于是,禁欲的日子離譜的持續到這一年九月入秋。
秋老虎,天氣熱的是夏季的三四倍,莊稼需要收割,來機械公庫學習的學員也少了,挨家挨戶都有農田果蔬需收割整理,機械公庫也休息兩天。
顧遇山難得這么清閑,于是也整理前院后院的田地起來。
他正忙活的渾身大汗淋漓,想脫了背心兒時,只見一個小小的白糯米團子,戴著虎頭帽,只穿著精致的紅色小肚兜兒,格子小褲衩,胖嘟嘟手腕腳腕帶著銀鐲子,脖子上戴著長命鎖,跌跌撞撞的朝他跑來,奶聲奶氣的吐字不清:“叭……叭叭……”
“噯!乖寶貝!來爸爸這兒!”顧遇山高興的張開手臂。
小地瓜沖顧遇山咧嘴笑露出兩顆白白的小門牙兒,一個不小心跌倒了,顧遇山也不去扶他,這里是土地剛剛刨過,很松軟,不用擔心孩子受傷,于是小家伙兒靠自己,連滾帶爬的站起來跑向顧遇山。

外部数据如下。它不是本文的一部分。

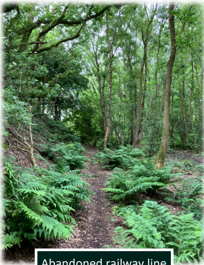
Abandoned railway line

“Skem Jazzer” was a nickname given to the service on account of Skelmersdale’s popular jazz concerts of the time. It is never likely to be revived because the rail link to Ormskirk has been abandoned for ever. More recent plans have focused on a link from Skelmersdale to the Wigan to Kirkby Merseyrail line, where a new station at Headbolt Lane in Kirkby is now open. A bus service (319) which stops on Neverstich Road, opposite to the duck pond on Old Engine Lane, takes passengers to Headbolt Lane.

顧遇山笑的前仰后合,一把將小地瓜抱起來,拋到天上:“地瓜~飛咯~飛咯~”
給小地瓜樂的嘎嘎直笑,嬰兒天真可愛的奶叫奶笑聲,讓人心都被洗滌一般明凈快樂。
顧遇山逗弄兒子玩兒了一會兒,把寶寶放在自己手臂上托著,細細看小地瓜的臉蛋兒,親了親那小紅痣,覺得自己兒子是世界上最漂亮最可愛的小寶寶,真是怎么看都看不夠,使勁兒親了好幾下,逗的小地瓜大笑大叫。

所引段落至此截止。